Жарко было, свежий асфальт у Ростральных колонн плавился и оседал под ногами. Легкий запах смолы доносился от барок, стоявших за Биржевым мостом, и Нева, великолепная, просторная, не шла, а шествовала, раскинувшись на две такие же великолепные, просторные Невы, именно там, где это было прекрасно. И странно, дико было подумать о том, что в какой—нибудь сотне километров отсюда немецкие солдаты, обливаясь потом, со звериной энергией рвутся к этим зданиям, к этому праздничному летнему сиянию Невы, к этому новому, молодому скверу между Биржевым и Дворцовым мостами.
Но пока еще тихо, спокойно было вокруг, в сквере играли дети, и старый сторож с металлическим прутиком в руке шел по дорожке, останавливаясь время от времени, чтобы наколоть на прутик бумажку.
Как прежде я помнила по числам все наши встречи с Саней, так же теперь я запомнила, и, кажется, навсегда, те дни, когда получала от него письма.

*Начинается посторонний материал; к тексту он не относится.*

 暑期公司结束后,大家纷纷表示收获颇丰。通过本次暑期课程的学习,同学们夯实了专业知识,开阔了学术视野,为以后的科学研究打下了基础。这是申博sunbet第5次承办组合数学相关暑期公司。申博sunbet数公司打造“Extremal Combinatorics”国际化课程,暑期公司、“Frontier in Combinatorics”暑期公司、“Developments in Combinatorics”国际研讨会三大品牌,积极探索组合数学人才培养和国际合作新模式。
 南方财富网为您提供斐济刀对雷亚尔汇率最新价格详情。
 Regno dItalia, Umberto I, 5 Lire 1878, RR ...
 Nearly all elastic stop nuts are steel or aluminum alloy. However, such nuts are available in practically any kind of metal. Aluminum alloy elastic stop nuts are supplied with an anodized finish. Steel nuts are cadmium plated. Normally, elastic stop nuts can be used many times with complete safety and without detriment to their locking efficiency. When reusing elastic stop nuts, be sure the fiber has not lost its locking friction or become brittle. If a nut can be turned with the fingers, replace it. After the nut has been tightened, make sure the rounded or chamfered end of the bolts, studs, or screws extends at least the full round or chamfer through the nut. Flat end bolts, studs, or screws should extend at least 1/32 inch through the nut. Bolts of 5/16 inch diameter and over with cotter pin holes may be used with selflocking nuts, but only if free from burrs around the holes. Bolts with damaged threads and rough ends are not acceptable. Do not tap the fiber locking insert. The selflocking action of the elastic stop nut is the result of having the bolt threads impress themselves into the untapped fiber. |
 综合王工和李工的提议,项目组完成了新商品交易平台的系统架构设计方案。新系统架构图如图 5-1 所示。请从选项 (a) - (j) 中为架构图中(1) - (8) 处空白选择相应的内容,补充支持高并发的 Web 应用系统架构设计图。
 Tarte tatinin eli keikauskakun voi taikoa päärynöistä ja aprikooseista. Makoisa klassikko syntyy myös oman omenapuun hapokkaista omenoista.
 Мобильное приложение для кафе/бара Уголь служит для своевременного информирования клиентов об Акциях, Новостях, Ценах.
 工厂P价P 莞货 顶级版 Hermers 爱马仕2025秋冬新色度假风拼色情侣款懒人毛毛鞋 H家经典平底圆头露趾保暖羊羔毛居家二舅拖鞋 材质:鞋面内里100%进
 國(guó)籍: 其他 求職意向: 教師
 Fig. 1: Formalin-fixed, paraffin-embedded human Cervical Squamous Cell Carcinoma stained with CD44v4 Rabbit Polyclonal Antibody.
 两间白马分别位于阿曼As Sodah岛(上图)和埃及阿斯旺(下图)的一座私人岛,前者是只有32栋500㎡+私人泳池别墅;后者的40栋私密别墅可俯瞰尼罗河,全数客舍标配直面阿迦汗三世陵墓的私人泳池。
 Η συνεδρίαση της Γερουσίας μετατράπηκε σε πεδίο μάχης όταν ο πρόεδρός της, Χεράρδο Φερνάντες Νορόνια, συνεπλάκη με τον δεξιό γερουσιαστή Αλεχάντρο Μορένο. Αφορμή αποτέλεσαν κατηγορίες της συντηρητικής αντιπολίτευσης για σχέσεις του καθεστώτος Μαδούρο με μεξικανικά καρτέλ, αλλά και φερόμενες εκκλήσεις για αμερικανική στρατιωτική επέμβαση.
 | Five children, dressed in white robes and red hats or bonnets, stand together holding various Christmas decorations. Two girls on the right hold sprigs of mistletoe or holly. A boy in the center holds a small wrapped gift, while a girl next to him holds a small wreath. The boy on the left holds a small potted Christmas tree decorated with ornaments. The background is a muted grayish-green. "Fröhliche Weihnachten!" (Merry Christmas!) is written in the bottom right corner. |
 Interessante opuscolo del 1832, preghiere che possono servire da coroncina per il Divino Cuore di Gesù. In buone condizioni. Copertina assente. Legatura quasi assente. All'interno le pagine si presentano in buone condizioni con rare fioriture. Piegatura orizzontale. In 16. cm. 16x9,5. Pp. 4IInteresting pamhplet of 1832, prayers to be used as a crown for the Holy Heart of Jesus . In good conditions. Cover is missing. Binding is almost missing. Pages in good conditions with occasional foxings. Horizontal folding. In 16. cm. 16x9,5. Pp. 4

Второе письмо, если не считать записочки, в которой он называл меня «Пира—Полейкин», я получила 7 августа — день, который потом долго снился мне и как—то участвовал в тех мучительных снах, за которые я даже сердилась на себя, как будто за сны можно сердиться.
Я ночевала дома, не в госпитале, и рано утром пошла разыскивать Розалию Наумовну, потому что квартира оставалась пустая. Я нашла ее во дворе: трое мальчиков стояли перед ней, и она учила их разводить краску.

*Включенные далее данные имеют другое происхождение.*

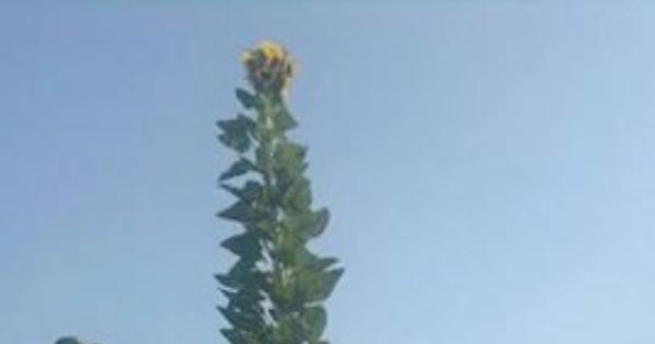 Angelo Cattaneo con il girasole record da 5,19 metri
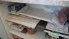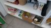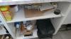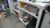 Houten toonbank witte kleur + inhoud : verpakkingsmateriaal en dergelijken
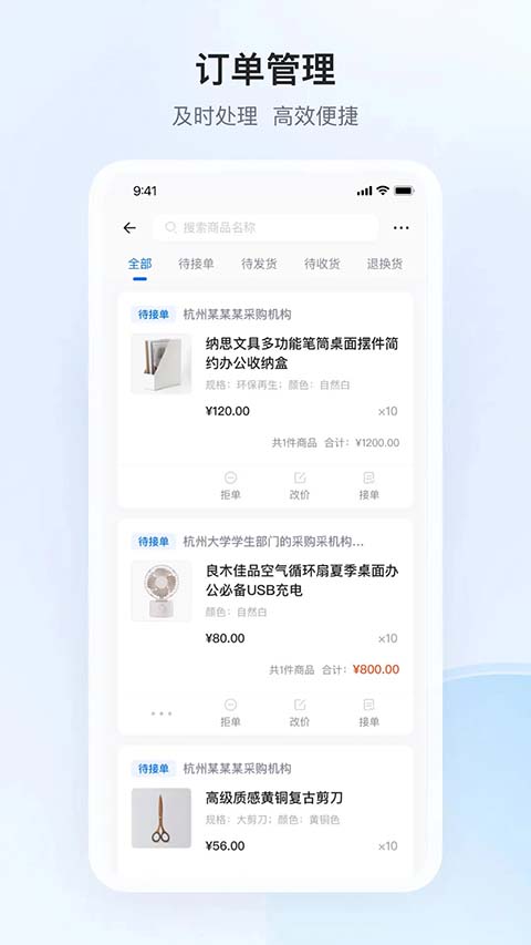 1、可在线即时回复采购人消息!再也不用担心不在电脑前而错过订单商机。 2、支持手机操作订单,接单、发货,订单流程一站式解决。 3、自己店铺的交易额实时统计!安排的清清楚楚,明明白白。政采云商家版app使用教程
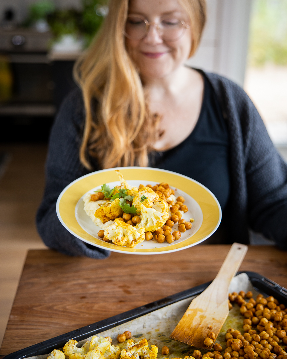 Olen syönyt tätä kikherne-kukkakaalipeltiä pitkin syksyä perunamuusin kanssa, jolloin erillistä kastiketta ei tarvita. Jos haluat oikaista arkena, perunamuusinkin voi valmistaa hyvin pakasteperunamuusiaineksista, joita löytyy vegaanisena esimerkiksi Apetitin valikoimista. Uunissa paahdetut mausteiset kasvikset sopivat moneen muuhunkin, joten kurkkaa vinkit reseptin alta.
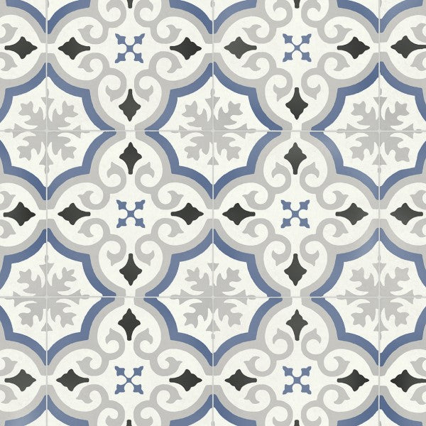 Its mix of light grey, blue and black gives this vinyl a beautiful look that suits a multitude of room styles and shades. The pattern also includes implied 20cm x 20cm tiles with grey grout lines that create the brilliant tile effect. With its matt finish, grout impression and R10 slip resistance rating, this lino has a realistic look and a comfy feel.
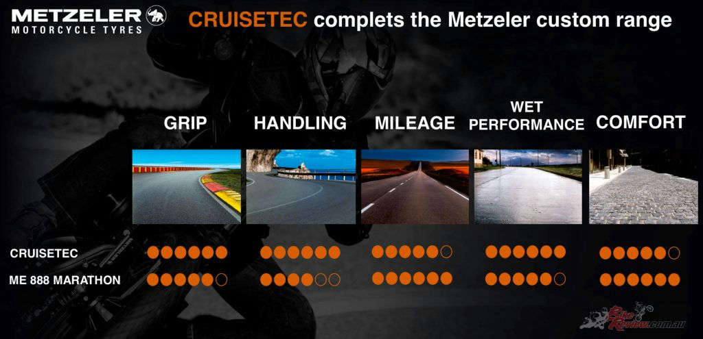 CRUISETEC™ je výkonnostně orientovaná pneumatika od Metzeler navržená speciálně pro V-Twin cruisery a performance touring motocykly. Pneumatika představuje evoluci v cruiser segmentu, kde se velké a těžké motocykly transformují na vysoce výkonné stroje vyžadující odpovídající pneumatiky.
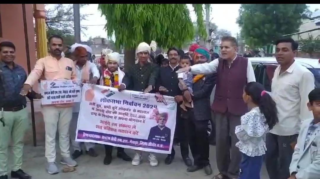 सीहोर। लोकसभा चुनाव के चौथे चरण में मध्य प्रदेश की आठ लोकसभा सीटों में से एक देवास लोकसभा सीट पर भी मतदान होगा। देवास-शाजापुर लोकसभा सीट के अंतर्गत सीहोर जिले की आष्टा विधानसभा सीट भी आती है और चौथे चरण में यहां पर भी मतदान होना है। मतदान को लेकर जहां जिला प्रशासन द्वारा लगातार स्वीप गतिविधियों के माध्यम से मतदाताओं को जागरूक किया जा रहा है तो वहीं सीहोर जिले के किसान और समाजसेवी एमएस मेवाड़ा भी लगातार गांव-गांव पहुंचकर मतदाताओं को जागरुक कर रहे हैं। उन्होंने पहले इछावर विधानसभा में जहां बैलगाड़ी के माध्यम से मतदाता जागरूकता कार्यक्रम चलाया तो वहीं अब आष्टा विधानसभा के ग्राम मोलूखेड़ी में निकल रही एक बारात को भी मतदान की शपथ दिलाई। इस दौरान दूल्हे ने शपथ ली कि पहले वह मतदान करेगा उसके बाद ही बारात लेकर जाएगा। इस दौरान अन्य लोगों ने भी शत प्रतिशत मतदान की शपथ ली।
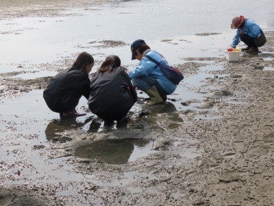 次に干潟に入りコメツキガニの巣穴を探しましたが、寒かったためか、残念ながら全くありませんでした。代わりに干潟の上にはいろんな鳥たちの足跡が沢山ありました。少しずつ沖に向かい二枚貝を集めました。
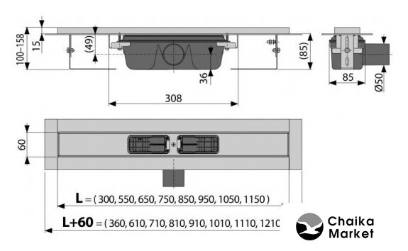 для душа, полипропилен/сталь, труба 40 мм, длина 1010 мм, гидрозатвор
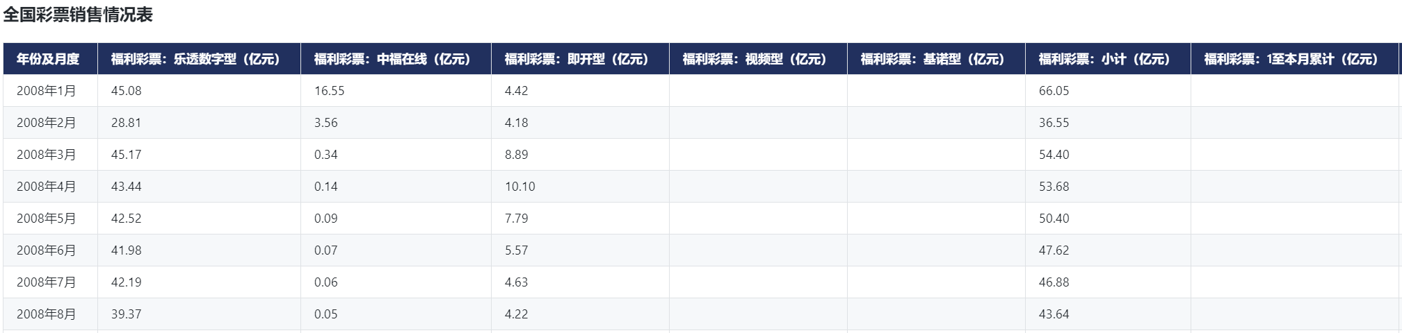 全国彩票销售情况表:2008.01-2022.01
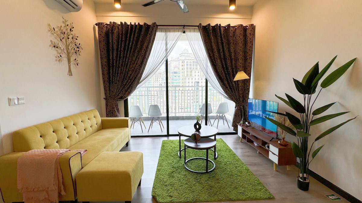 Cozy & Spacious Apartment with Modern Amenities. Our unit is on the 18th floor, offering beautiful city & mountain views of Puchong & accommodating up to 11 guests. Perfect for business travelers, family staycations & parents looking to bond with their little ones in a relaxing environment. Conveniently situated in the heart of Puchong, it provides easy access to restaurants, a cinema, convenience stores, hypermarkets, LRT, IOI Mall, Sunway Pyramid, Sunway Lagoon, Pavilion Bukit Jalil & more.
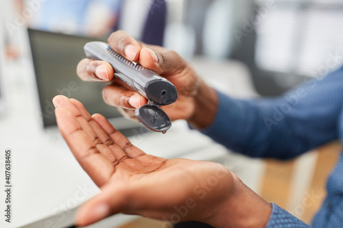 Hände von Business Mann beim desinfizieren
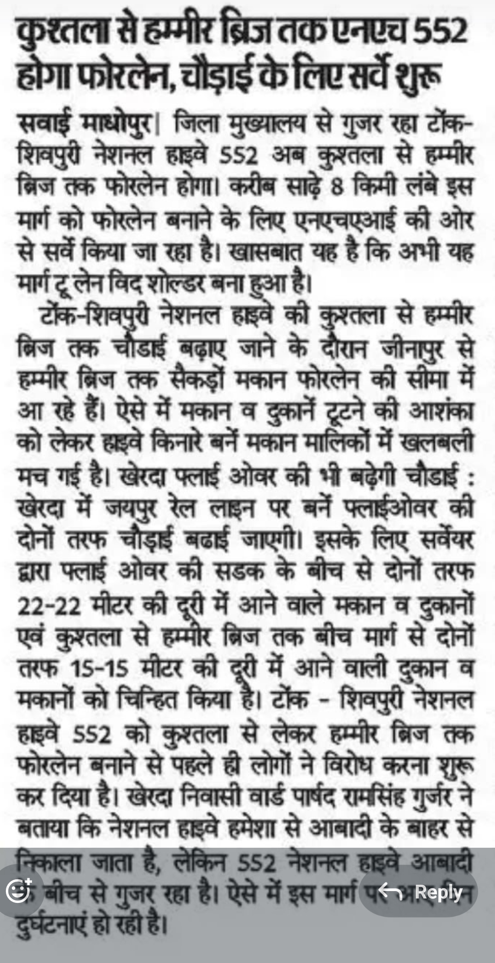 सवाई माधोपुर में सर्वे पूरा हुआ। टोंक शिवपुरी नेशनल हाईवे कुशतला से हमीर ब्रिज तक की चौड़ाई बढ़ाने के कारण सैकड़ों मकानों को भारी नुक्सान होगा जिससे मकान मालिक हुए परेशान।
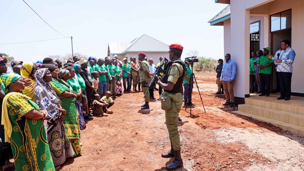 Waziri Mkuu, Kassim Majaliwa akiwasalimia wananchi baada ya kukagua ujenzi wa kituo cha Polisi Nandagala, Ruangwa mkoani Lindi, ambacho kimegharimu kiasi cha shilingi milioni 194.3 kituo hicho kitahudumia wananchi vijiji 32 walioko katika kata 8 za wilaya hiyo, Oktoba 23, 2025 (Picha na Ofisi ya Waziri Mkuu)

— Слишком густо так же плохо, как и слишком жидко, — говорила она. — Где доска? Воробьев, не чешись. Попробуйте на доске. Не все сразу.

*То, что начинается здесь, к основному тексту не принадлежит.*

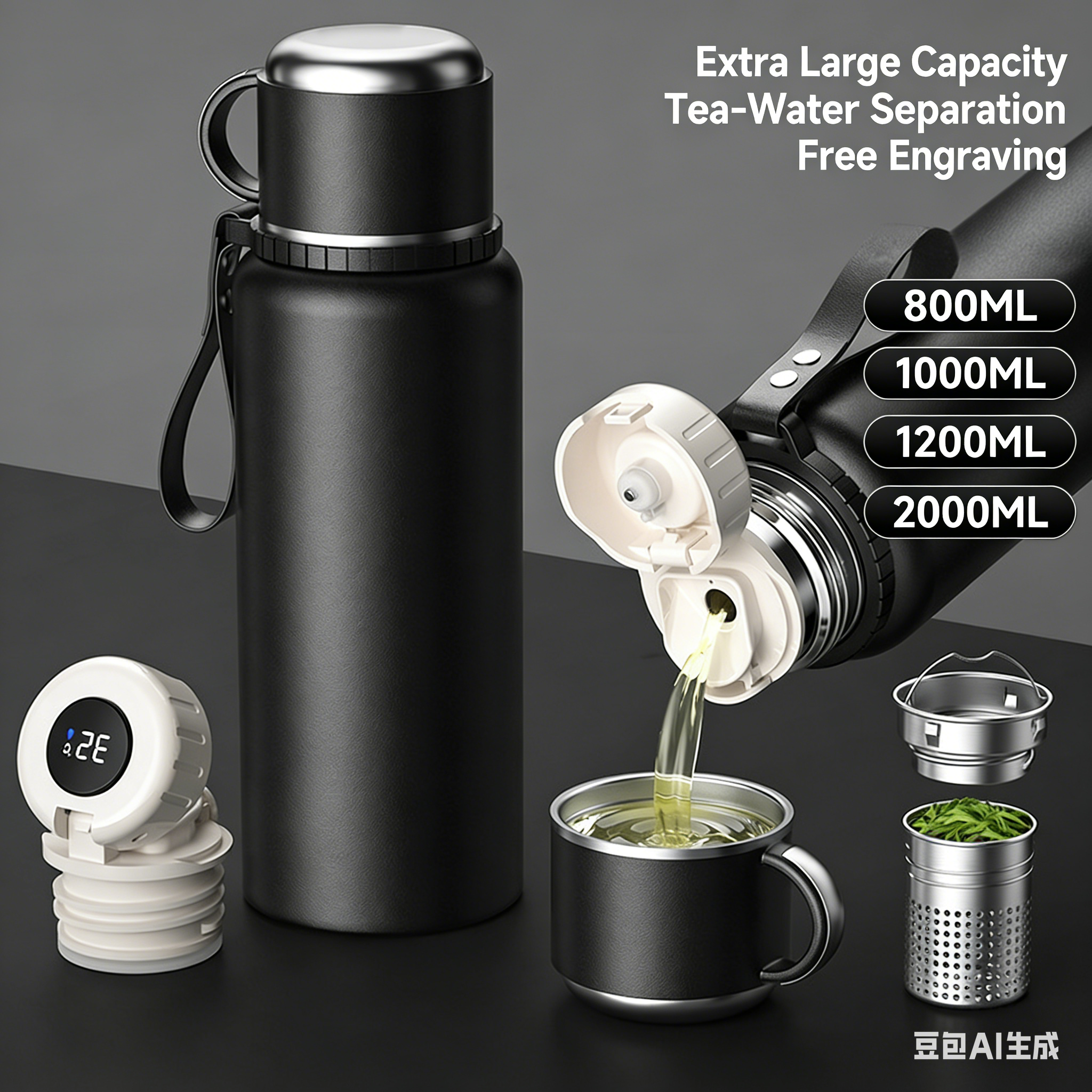 Men’s Stylish High-Capacity Insulated Tea Kettle with Temperature Indicator 316 Stainless Steel Thermal Mug with Tea-Water Separation Gift-Worthy Water Kettle

По инерции она и со мной заговорила деловым тоном:
— Противопожарное мероприятие: окраска чердаков и других деревянных верхних частей строений. Огнеупорный состав. Учу детей красить.
— Розалия Наумовна, — спросила я робко, — вы еще не скоро вернетесь домой? Мне должны позвонить.
Я ждала звонка из Русского музея. Петины работы давно были упакованы, но за ними почему—то не присылали.
— Через час. Пойду с детьми на чердак, задам каждому урок и буду свободна. Катя, да что же это я! — сказала она живо и всплеснула руками. — Вам же письмо, письмо! У меня руки в краске, тащите!
Я залезла к ней в карман и вытащила письмо от Сани…
Как всегда, я сначала пробежала письмо, чтобы поскорее узнать, что с Саней ничего не случилось, потом стала читать еще раз, уже медленно, каждое слово.
«Помнишь ли ты Гришу Трофимова? — писал он уже в конце, прощаясь. — Когда—то мы вместе с ним распыляли над озерами парижскую зелень. Вчера мы его похоронили».
Я плохо помнила Гришу Трофимова, он сразу же куда—то улетел, едва я приехала в Саратов, и я вовсе не знала, что он служит в одном полку с Саней. Но Варя, несчастная Варя мигом представилась мне — и письмо выпало из рук, листочки разлетелись.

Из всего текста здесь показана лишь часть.